No, I’m not suggesting Mars starts lacing its chocolate bars with tranquilisers. A growing body of research is suggesting ways in which brands can use the senses (taste, texture, smell, even the crinkling sound of a wrapper…) to elicit certain emotional responses from consumers.

It’s not as barmy as it sounds. “We’re looking at ways of linking sensory attributes to emotions,” says Amirah Ashouri, senior sensory & consumer scientist at Leatherhead Food Research. “It’s still early days but it is clear certain attributes can trigger memories of life experiences. Aroma, for example, can be a strong trigger for memories. Brands could be using sensory attributes to their advantage.”

Indeed, retailers have been piping the smell of baking bread around their stores for years in the belief it creates a comforting environment. This would, theoretically, make shoppers likely to linger for longer and therefore spend more (a few years ago Asda even tried adding the sound of clucking hens to its eggs fixture), so there’s no reason why brands couldn’t be taking similar steps.

To use an example from Ashouri’s presentation at Mintel’s Food & Drink Big Conversation event yesterday, McVitie’s could exploit the senses to elicit the same emotions the brand’s Sweeet ad campaign are trying to rouse. In short, by enhancing smell, texture or other attributes, the brand could help consumers actually feel the ‘cuddles and snuggles’ it talks about in its ads.

I must confess, I wasn’t totally convinced on just how much the senses can be used to alter our perceptions of a product. Until last night’s launch of Talisker’s latest single malt expression, Skye, that is.

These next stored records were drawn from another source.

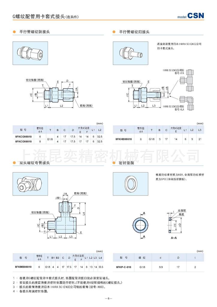 ①平行管螺纹阴/阳接头:8FKCO06010,8FKCO08010,8FKCO08020,8FKCO10020,8FKHB06010,8FKHB08020,8FKHB10020.
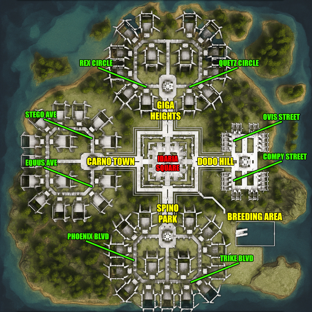 Desweiteren findest du in jedem Bezirk ein Bankterminal, einen Reward Vault, einen Transmitter sowie ein paar Verkaufstische vom Server.
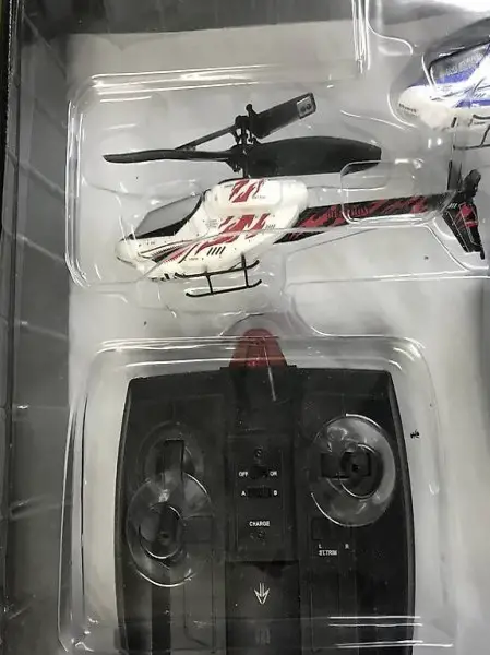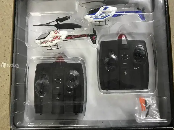 Komplette anlage mit 2 Helikoptern und 2 Funkfernbedienungen und Laser Attack System. Es können 2 und mehrere gegen einander Spielen. Wenn getroffen geht der getroffene zu Boden und muss erst wieder gestartet werden. Mit akustischem Aktion System. Alles funktioniert tadellos und ist neu uns ungebraucht.
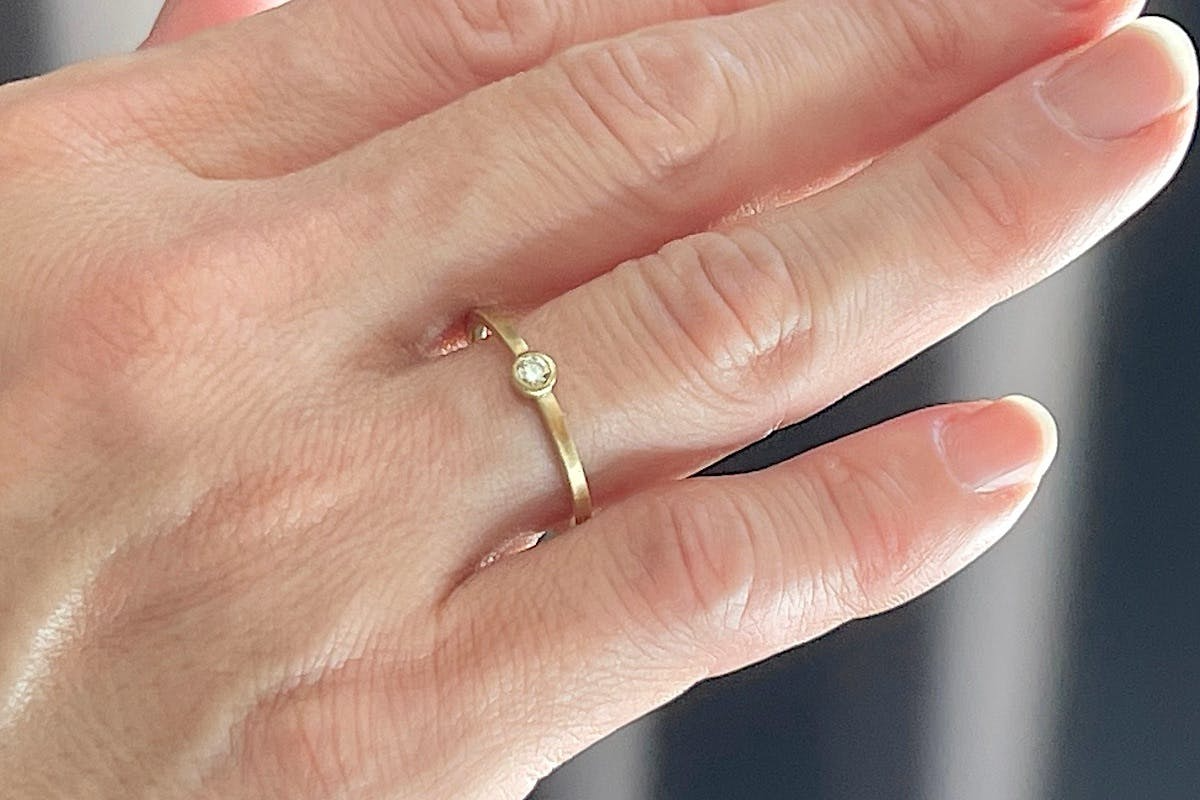 ダイヤモンドの重さは0.08カラット、直径は約3ミリ。

For the launch, Diageo had clearly been brushing up on the sensory sciences.

They filled the London Canal Museum with the sound of howling winds and rain lashing against windows; they piped in the smell of wood smoke and projected footage of crashing waves onto the walls. The effect was to make the slightly sweet, slightly spicy, slightly salty whisky taste even more comforting, like we were holed up in a Hebridean croft as a storm raged outside.

It also made it rather moreish. And rather calming. Perhaps a crate of Talisker would have been a better present for Clarkson.